- **Exercise details**: For each record below, output its text exactly and skip any picture.

- **Data excerpts**:
——————

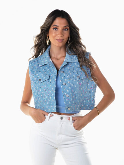Colete de fato com riscas diplomáticas e interior forrado. Colete para senhora com gola de lapela e aperto cruzado de botão.
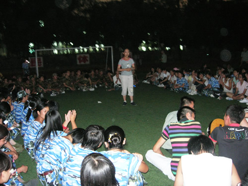 “桂子月中落,校园分外明”。9月14日晚7:00,学校南门广场和足球场歌声沸腾,热闹非凡。我校参加军训的2675名新生与64名教官在这里度过了一个特别而又难忘的中秋之夜。
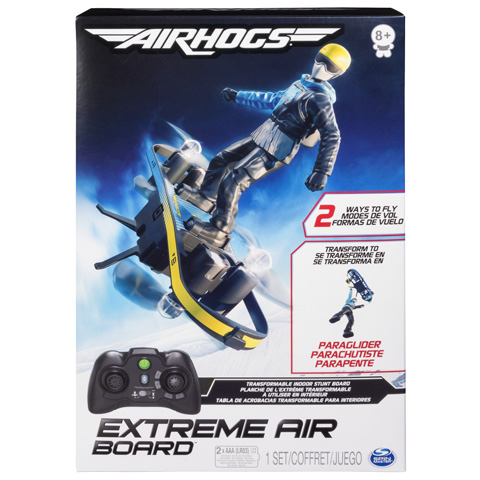 Győzd le a gravitációt az Air Hogs Extreme légdeszka segítségével, ami ráadásul kétféleképpen is repülhet! tedd próbára magad, , hogy milyen ügyesen maradsz meg a légdeszkán, vagy mennyire menne jól a siklóernyőzés! Csatold be az extrém sportolót és használja a távirányítót, hogy felröppenjen a levegőbe. A kaszkadőrgomb segítségével elképesztő hurkokat és spirálokat is meg lehet csinálni! A sebesség és a trükkök szerelmeseinek az Air Hogs légdeszkája elképesztő lehetőségeket kínál! Navigálj éles kanyarokba, repülj veszélyesen alacsonyan és zuhanj és emelkedj meredeken! Az Air Hogs nagyszerű választás minden kezdő és haladó quadrocopter pilótának.
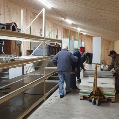 Mais la mairie a décidé de se séparer de l'immeuble où nous avions installé notre réserve. La chasse à un nouveau local était ouverte ! Après plusieurs mois de recherche nous avons trouvé un local à louer, qui, après quelques travaux, convenait tout à fait à nos besoins.
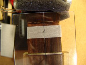 - 28.ネック取り付けの直線性を確認します。直線けがき線の入ったアクリル板をネックからブリッジにかけて乗せます。
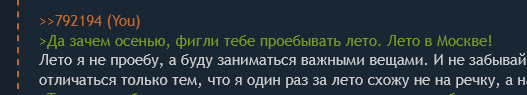 >>792133 >Заходи осенью, будет тебе второй сезон Да зачем осенью, фигли тебе проебывать лето. Лето в Москве!
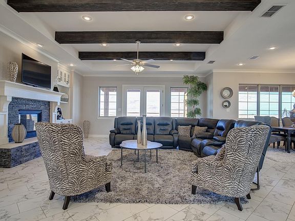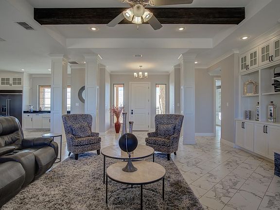 Fantastic West Texas views from the comfort of a modern luxurious home situated on 24.9 acres. This home has top of the line flooring, fixtures, appliances and counter tops throughout and gorgeous views from almost every room. Open concept kitchen, dining, family room. Kitchen boasts a gas range, large built-in fridge/freezer, instant hot water, an island with sink, wine cooler and room for 4 bar stools. Isolated master suite with lots of natural light, fireplace, walk-in closet with dressing area, and a laundry/utility room just steps away. Other perks include second master suite, large basement, office with built-in shelves/cabinets (can be switched back to 4th bedroom), and a 1,358 sq ft 3 car garage with workshop. Enjoy the privacy of grilling on back patio or entertaining on the large, vaulted, covered patio with views stretching as far as the eye can see. Over a 1,200 feet of covered outdoor living space. Horses and other livestock Okay. Less than 30 minutes from Lubbock
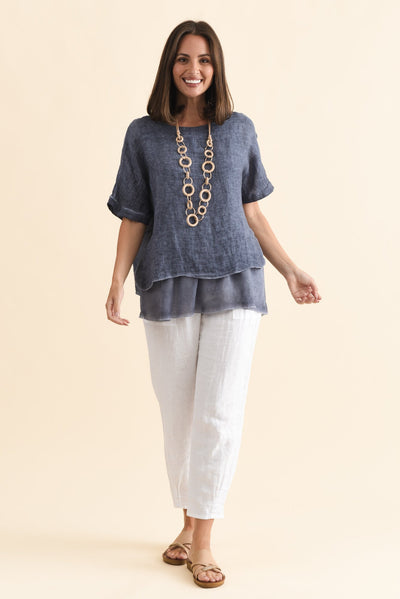 KAYLA DARK BLUE LINEN LAYERED TOP
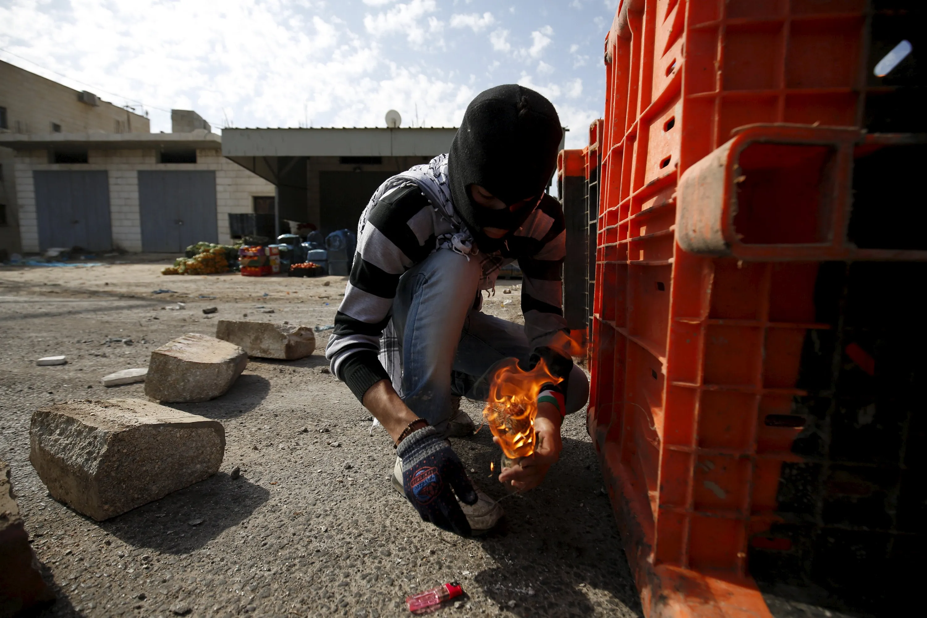 A Palestinian protester prepares a molotov cocktail to be hurled towards Israeli troops during clashes in the West Bank town of Qabatya, near Jenin February 5, 2016. (Photo by Mohamad Torokman/Reuters)
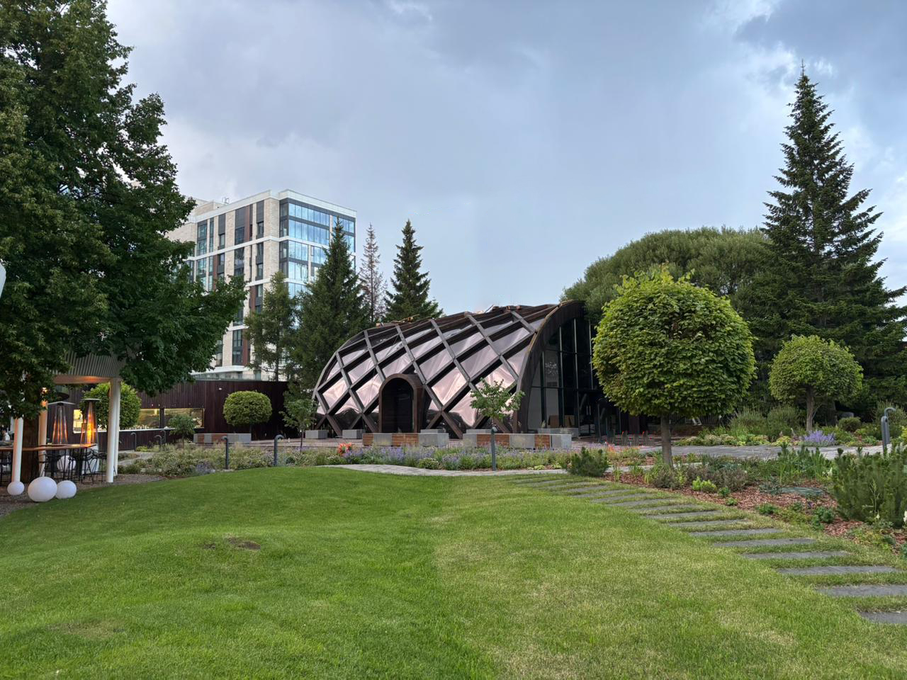 Просторный банкетный холл в парковой зоне отеля с панорамными окнами оформлен в современном стиле. Вид на живописный парк, элегантная обстановка, стильные элементы декора. Максимальная вместимость до 70 человек.

——————

- **Expected answer**:
Colete de fato com riscas diplomáticas e interior forrado. Colete para senhora com gola de lapela e aperto cruzado de botão.
 “桂子月中落,校园分外明”。9月14日晚7:00,学校南门广场和足球场歌声沸腾,热闹非凡。我校参加军训的2675名新生与64名教官在这里度过了一个特别而又难忘的中秋之夜。
 Győzd le a gravitációt az Air Hogs Extreme légdeszka segítségével, ami ráadásul kétféleképpen is repülhet! tedd próbára magad, , hogy milyen ügyesen maradsz meg a légdeszkán, vagy mennyire menne jól a siklóernyőzés! Csatold be az extrém sportolót és használja a távirányítót, hogy felröppenjen a levegőbe. A kaszkadőrgomb segítségével elképesztő hurkokat és spirálokat is meg lehet csinálni! A sebesség és a trükkök szerelmeseinek az Air Hogs légdeszkája elképesztő lehetőségeket kínál! Navigálj éles kanyarokba, repülj veszélyesen alacsonyan és zuhanj és emelkedj meredeken! Az Air Hogs nagyszerű választás minden kezdő és haladó quadrocopter pilótának.
 Mais la mairie a décidé de se séparer de l'immeuble où nous avions installé notre réserve. La chasse à un nouveau local était ouverte ! Après plusieurs mois de recherche nous avons trouvé un local à louer, qui, après quelques travaux, convenait tout à fait à nos besoins.
 - 28.ネック取り付けの直線性を確認します。直線けがき線の入ったアクリル板をネックからブリッジにかけて乗せます。
 >>792133 >Заходи осенью, будет тебе второй сезон Да зачем осенью, фигли тебе проебывать лето. Лето в Москве!
 Fantastic West Texas views from the comfort of a modern luxurious home situated on 24.9 acres. This home has top of the line flooring, fixtures, appliances and counter tops throughout and gorgeous views from almost every room. Open concept kitchen, dining, family room. Kitchen boasts a gas range, large built-in fridge/freezer, instant hot water, an island with sink, wine cooler and room for 4 bar stools. Isolated master suite with lots of natural light, fireplace, walk-in closet with dressing area, and a laundry/utility room just steps away. Other perks include second master suite, large basement, office with built-in shelves/cabinets (can be switched back to 4th bedroom), and a 1,358 sq ft 3 car garage with workshop. Enjoy the privacy of grilling on back patio or entertaining on the large, vaulted, covered patio with views stretching as far as the eye can see. Over a 1,200 feet of covered outdoor living space. Horses and other livestock Okay. Less than 30 minutes from Lubbock
 KAYLA DARK BLUE LINEN LAYERED TOP
 A Palestinian protester prepares a molotov cocktail to be hurled towards Israeli troops during clashes in the West Bank town of Qabatya, near Jenin February 5, 2016. (Photo by Mohamad Torokman/Reuters)
 Просторный банкетный холл в парковой зоне отеля с панорамными окнами оформлен в современном стиле. Вид на живописный парк, элегантная обстановка, стильные элементы декора. Максимальная вместимость до 70 человек.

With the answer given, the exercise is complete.